Physiological Basis for Movement Disorders and Their Therapeutics through the Basal Ganglia Circuitry

  • S1-B-2-5
  • 南部 篤 / Atsushi Nambu:1 
  • 1:生理学研究所・生体システム / Div of System Neurophysiol, Natl Inst for Physiol Sci, Okazaki, Japan 

Information from the motor cortices is processed in the basal ganglia (BG) and returns to the original motor cortices via the thalamus. In the BG circuitry, the striatum and the subthalamic nucleus (STN) are the input structures of the BG, while the internal segment of the globus pallidus (GPi) and the substantia nigra pars reticulata (SNr) are the output nuclei. The input and output stations are connected by three pathways, i.e., cortico-striato-GPi/SNr direct, cortico-striato-external pallido (GPe)-STN-GPi/SNr indirect, and cortico-STN-GPi/SNr hyperdirect pathways. Signals through the hyperdirect, direct and indirect pathways sequentially reach the output nuclei, GPi/SNr, and modulate their activity dynamically. Thus, only a selected motor program is released at a selected timing, while other competing motor programs are suppressed, through the succeeding GPi-thalamo-cortical pathway.

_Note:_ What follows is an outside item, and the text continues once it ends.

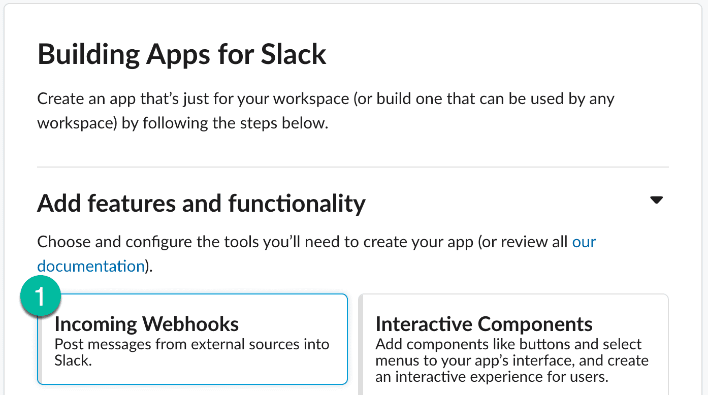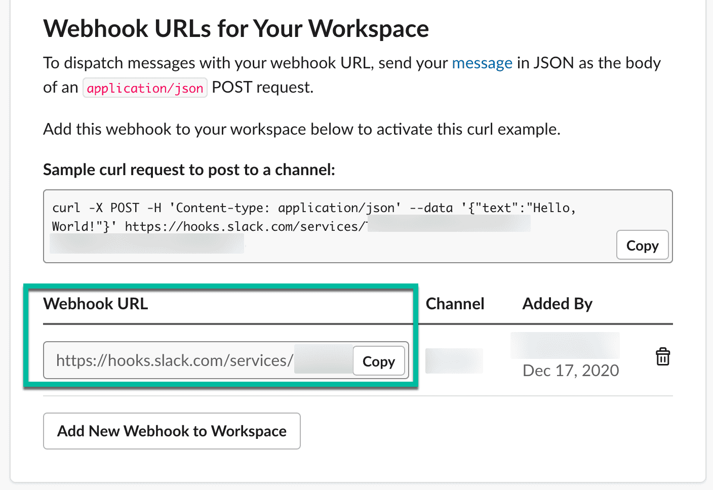 - Next, add the “Incoming Webhook” feature and activate it. Then, at the bottom of that page, click “Add New Webhook to Workspace”:

The activity imbalance among the hyperdirect, direct and indirect pathways causes hypokinetic and hyperkinetic movement disorders. In Parkinson's disease (PD), signals through the hyperdirect and indirect pathways are enhanced, and those through the direct pathway are reduced in both spatial and temporal domains. Thus, intended motor programs cannot be released, resulting in akinesia. On the other hand, in dystonia, signals through the direct pathway are enhanced spatiotemporally. Thus, unintended movements are randomly released, resulting in involuntary movements. These dynamic activity changes in the BG can explain the neural mechanisms underlying hypokinetic and hyperkinetic movement disorders.
Inactivation of the STN, which interrupts both the hyperdirect and indirect pathways, ameliorates PD symptoms. Applying high frequency stimulation, known as deep brain stimulation (DBS), to the STN or GPi also ameliorates motor symptoms. GPi-DBS completely inhibits spontaneous firings of GPi neurons and blocks all responses mediated by the hyperdirect, direct and indirect pathways. These findings suggest that dissociating inputs and outputs to and from the stimulation site to disrupt the abnormal information flow is the common mechanism for the effectiveness of stereotactic surgery.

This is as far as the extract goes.